April 14 at 15 CET, Manuel A. Palacios and Barry M. Wise from Eigenvector Research gave a webinar about the very intriguing Diviner. You can see the webinar here.

The story: AutoML, or Automated Machine Learning, represents a paradigm where the entire pipeline of data preprocessing, variable selection, feature engineering, model selection, and hyperparameter tuning is automated, typically leading to a singular optimized model. While highly efficient and simple from the end-user perspective, this approach often lacks transparency and customizability. Furthermore, the black-box nature of AutoML might overlook models that an analyst would have preferred, instead prioritizing what it deems the ‘best’ model, potentially missing nuanced solutions tailored to specific needs.

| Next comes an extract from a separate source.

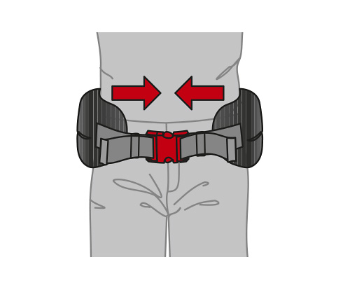 The middle of the hip strap should end around the hip bones. With the hip strap clasp facing out, tighten both sides of the hip strap towards your navel.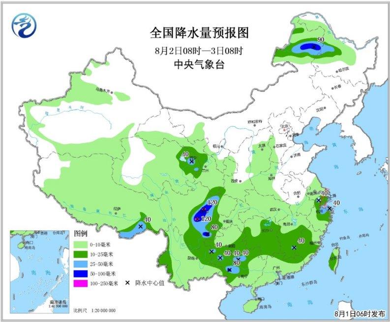 8月3日08时至4日08时,内蒙古东部、黑龙江中部、江淮大部、江南北部和南部、西南地区大部、华南北部和西部等地的部分地区有中到大雨,其中,内蒙古东北部、黑龙江中部、安徽中南部、江苏南部、浙江北部、四川盆地西部、云南东北部和西南部等地部分地区有暴雨,局地大暴雨(100~120毫米)(见图6)。

In this talk we introduce Diviner, (from Divine—to discover or locate something by intuition, insight or supernatural means), a novel semi-autoML approach that transcends the traditional black-box model by actively involving the analyst in the model-building process. Unlike conventional autoML methods that yield a single optimal model, our approach creates a family of models and ranks them by their cross-validation performance, degree of overfitting, and prediction error on validation sets.
Diviner commences with user-assisted outlier assessment via Principal Components Analysis (PCA) and Robust Partial Least Squares (RPLS), followed by variable selection to hone significant predictors. Various data-relevant preprocessing algorithms are explored, and linear models (Partial Least Squares and Elastic Net) are calibrated (with hyperparameter tuning) and ranked. At this point, the end-user selects the models to keep and take for further refinement, including re-assessment of outliers, preprocessing and variable selection fine-tuning. Finally, the user chooses the models to output. This can be a single model, a series of the top-ranked models, or an ensemble of models which can be further optimized.
Diviner bridges the gap between full automation and user-led customization, leading to more insightful and transparent model-building. Through the evaluation of several datasets, we demonstrate promising results in predictive accuracy and model diversity. This research not only contributes to the practical application of autoML but also sparks a dialogue on rethinking how autoML models are constructed, evaluated, and understood, moving away from the black-box solution to a more collaborative, interpretable, and adaptive methodology.